Many parents did have difficulty at first leaving their child with someone else, particularly if the child was still an infant (Singer, 1991). Many Dutch early childhood experts expressed doubts about the benefits of care for infants younger than 7 months. Many parents, on the other hand, suggested that babies younger than 7 months familiarize with the new situation more easily than older children. Parents often felt separation problems when the child was younger than 7 months, but the children experienced separation problems more often if they started when they were older than 7 months. Nevertheless, most parents and children quickly get used to the new situation, and parents' doubts soon disappear. Caregivers could help the transition period by maintaining a positive attitude and paying individual attention to the parents and the child. Parents most value knowing that they can trust their child's caregiver.

Parents, in general, have two simple criteria when judging the quality of child care facilities: "Can I leave my child here when I am working?" and "Is the day care good for my child?" (Van Dijke et al., 1994). Parents have a number of complaints with regard to the first criterion. Child care centers' hours of operation seldom correspond with parents' working hours. In addition, parents express concern that ill children will not be cared for and must be sent home. At home, parents can make arrangements to have their child cared for by a baby sitter or relative. These arrangements can be more flexible for parents who work in the evenings, during

the weekend or at unpredictable hours, but child minders and baby sitters can resign or be taken ill themselves, leaving the parents with no child care. Research shows that the lack of correspondence in other countries between a child care center's operating hours and parents' working hours, and care unexpectedly being withdrawn, also cause an extensive amount of stress for working parents, which, in turn, has a negative effect on the family (Hughes & Galinsky, 1988).

Dutch parents have very modest expectations from child care. First, they want positive interactions between all people involved. The atmosphere and the way staff treat the children should be pleasant, homely, relaxed, warm and loving (Van Dijke et al., 1994). How the staff treats the parents, and whether, at the end of the day, staff members can say something personal about their child is another critical selling point (Singer, 1991). Parents also find it important that their children learn good manners, obedience and how to behave with other children. Many parents admitted that they are reluctant, and find it somewhat difficult, to discipline their children at home because they do not want to disturb their children's spontaneity. Thus, they generally welcome supplemental discipline in the center. In addition, many parents wanted their children's caregivers to encourage creativity and imagination. Parents do value the smaller environment and homeyness afforded by child minders or baby sitters.

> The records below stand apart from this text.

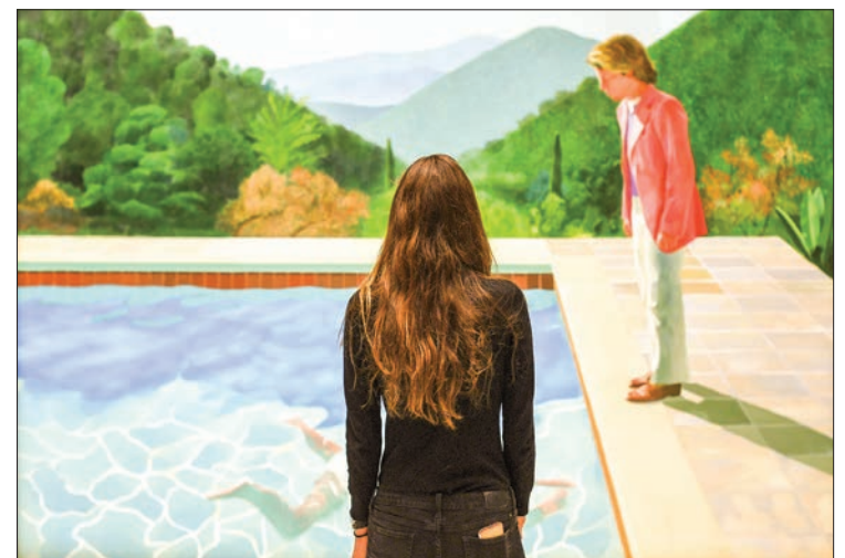
A woman looks at David Hockney's "Portrait of an Artist (Pool with Two Figures)".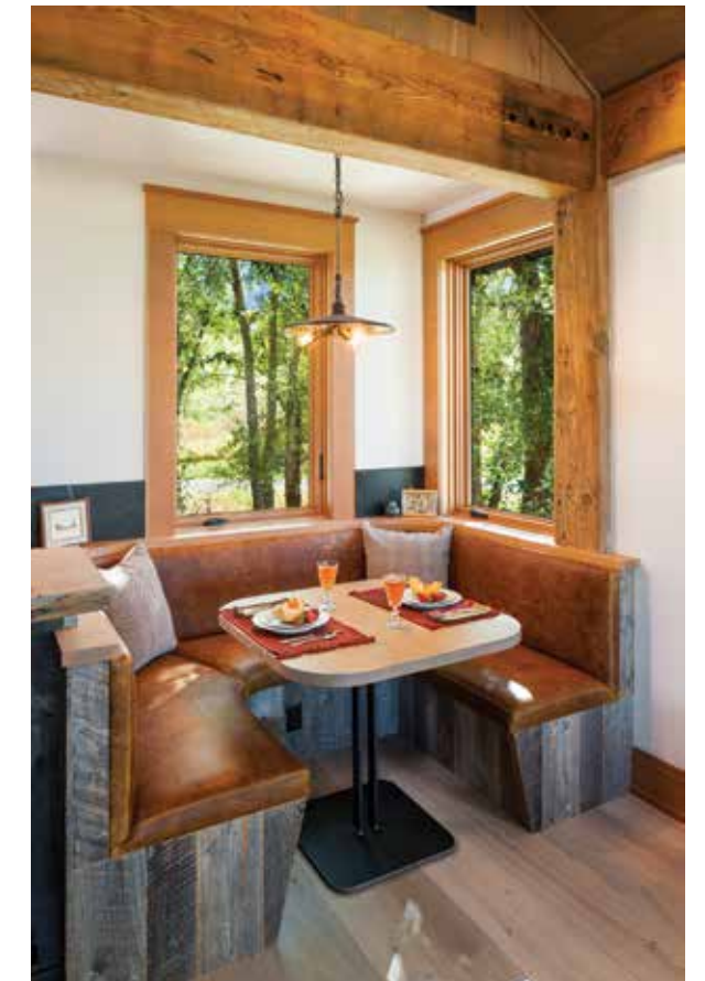
ABOVE: Contemporary touches were incorporated into the former Montana farmhouse. Steel elements were added throughout the home, from the timber trusses in the great room to the steel hand-rails on the stairs and exterior patios. RIGHT: The breakfast nook off the great room provides a cozy sitting area for informal meals or late-night games of Scrabble.

The home sits near a creek that waxes and wanes with the seasons, as it works its way down the valley to join the Yellowstone. Cottonwood trees line the riverbank and are visible from the home, which seems sheltered by the sharp figure of Black Mountain rising behind it. Neighbor’s cows graze nearby. Deer are so prevalent they “practically walk through the house,” and during construction a sow and her two cubs slept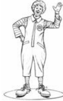
McDonalds Kids Day Tuesday, August 9, 2022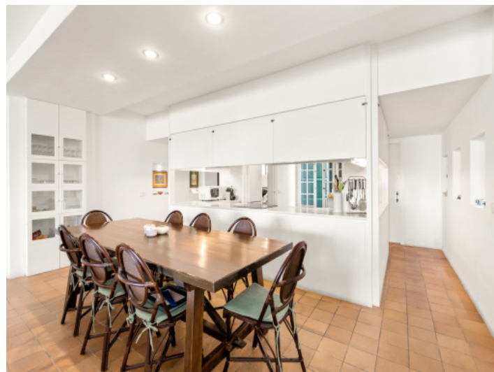
Dining area and half-open kitchen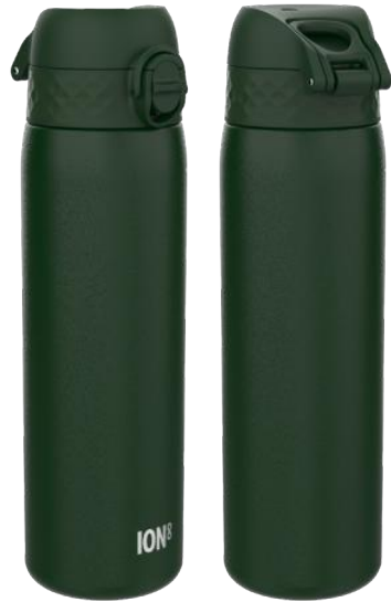
I8TS500DGRE INSULATED STEEL - 500ML DARK GREEN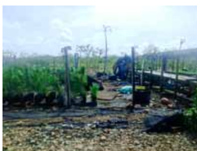
Left: Caicos pine saplings under the collapsed shade netting.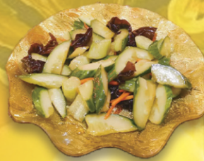
Lazy Cucumber Salad 拍黄瓜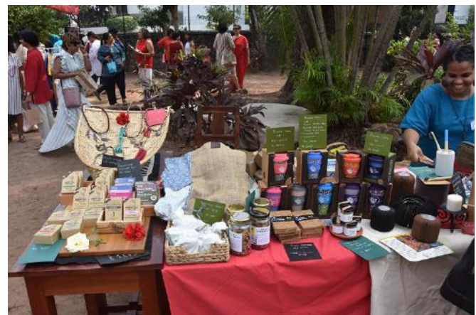
Bhumi by Shilpa Samararatunge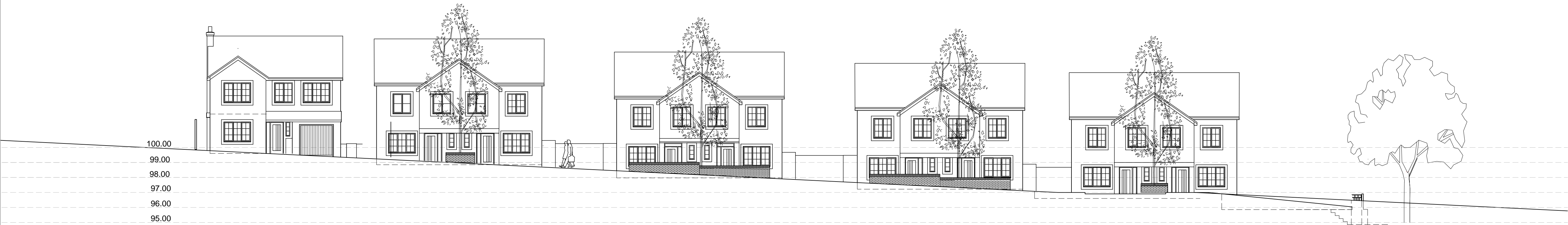
South West street scene A-A

Middle-class parents have little affinity with the sometimes pedagogic or lofty goals local governments and some field experts set for day care facilities. In general, they do not want a more formal academic program. Parents also feel no need for guidance or expert advice from staff regarding their parenting. Parents would prefer discussing their child with staff while on an equal footing (Singer, 1991). Day care centers rarely inform parents of their pedagogic policies, according to parents (Mutant, 1993; Singer, 1991). Parents also note that they have more influence on a child minder or baby sitter than on child care center staff (Van Dijke et al., 1994).

Parents of Ethnic Minorities

The needs and wishes of ethnic minority parents deserve special attention. In the Netherlands, both the national and local governments view child care centers, especially playgroups, as a type of preventive policy, a means of giving ethnic minority parents information on upbringing and a means of stimulating development in children from disadvantaged backgrounds (Ministerie van W.V.C., 1991; Ministerie van W.V.C., 1993b). Yet this preventive policy is particularly aimed at the groups who are at risk of being excluded altogether from child care. To reiterate, the Netherlands' national stimulation program has mostly benefited well-educated, well-paid parents. Employers invest less in child care for the children of unskilled and easily replaceable employees (especially immigrant parents). Most experts suggest, however, that lack of quality child care facilities for all children can cause a number of much more expensive and extensive problems for society (Geense, 1994; Van der Zwaart, 1995).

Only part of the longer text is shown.